Biodynamic practices encourage us to spend more time observing our vines and property. There is no substitute for regularly walking through our vineyard with eyes wide open in our quest to produce grapes that have the most meaningful connection to this place. We seek to develop the contemplative and intuitive skills which permit the vineyard to continuously reveal its character to us and our team. These skills will allow us to perceive patterns in the environment that give us the ability to anticipate needs and avoid problems.
One of the purposes of Biodynamics is to capture the environment in a bottle of wine. Our Sonoma Mountain property is 85 acres; 35 acres are planted in grapes and 50 acres are gardens, animal pastures, insectaries, olive groves, wetlands, ponds, riparian areas and forest border areas. These places are farmed and maintained with the same resources and energy as the grapes.
We work diligently to harmonize the vine selection, the diversity
of the plantings and the layout with the energic contours of the place. This harmony and integration with the natural surroundings produces what we call in Biodynamics, farm individuality. If something does not work to its full potential, we are not afraid to change it or try a new approach. The timing and methods used are adjusted according to vintage conditions.
Think of our grapes as the lead character in a play and the surrounding landscapes as the supporting cast that makes the lead character interesting and genuine. The more individualized and healthy our surrounding environment, the more distinctive the flavors of our grapes and wine.

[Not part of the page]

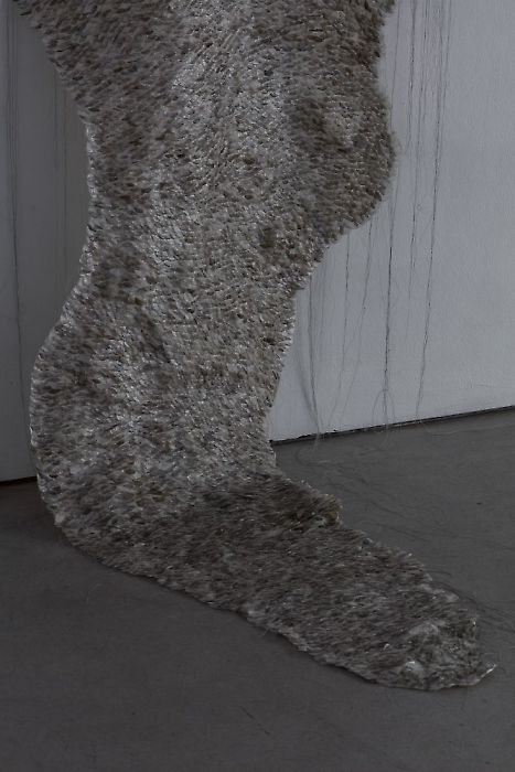 Über die Grammatik des Titels von Coelns Ausstellung führt uns die Figur des Finn auf eine semantische Reise zu „fin“, wie in „Ende“, Beendigung, Verneinung von Leben, Tod und der Totenwache, die ihm folgt. Von dieser negativen Konnotation geht es zurück zur deutschen „Flosse“ (engl.: fin): die Flosse, der es G.S. inmitten von Gesten zur Orientierungslosigkeit und richtungslosem Dahintreiben mangelt. „Flosse“ schwingt auch im „Fluss“ mit, abgeleitet von „fließen“. Wenn ein Fluss einen Zeitstrang in den Lauf seiner Fluten wirft, strömt er, wogt und tobt. Man sagt, dass ein Strom am Anfang und am Ende derselbe ist, nur dass er irgendwann ins Meer hinaustreibt. Ein Gedicht von Bertolt Brecht[2] spricht von der gewalttätigen Einengung, die ein Fluss durch das Flussbett erfährt. Hier wird G.S. verankert, gehängt, drapiert. Es könnte uns kleiden. Es erinnert uns an unsere Körperlichkeit, unseren Atem.

Natural systems function best among a wide diversity of compatible living organisms and plants. Our strategy is to provide a stable network of mutually beneficial relationships through a wide array of plants, animals and microbes. One way these networks benefit us is by creating a balanced predator/prey relationship. The tighter the niches in nature are filled and critical relationships maintained, the more stable and healthy a property is.
Over time, tightly packed, highly diversified, self-sustaining systems have given us the ability to eliminate pesticides, which in turn creates even stronger, more diverse systems. One of the important results from a winemaking perspective is the population growth of native yeast living on our plants. The ability for us to make wine with this yeast helps create signature flavors and textures for our wine. Yeast can have a substantial impact on the final quality of a wine.
As much as possible, we try to keep our ranch a closed-system, especially when it comes to nutrients. This makes our waste stream very valuable because now it is our primary source of nutrients for our plants. In the past it was “garbage” that cost us $2,500-$4,000 a month to haul away. What a difference a philosophy makes.
All organic material (landscape waste, vineyard waste, pomace, stems, winery waste) on our ranch is collected, composted and recycled back into the soil. Composting is similar to fermentation. The pile is carefully constructed, heated up to precise temperatures and turned four to five times a year. The waste is transformed by microbes into a beautiful earthy humus.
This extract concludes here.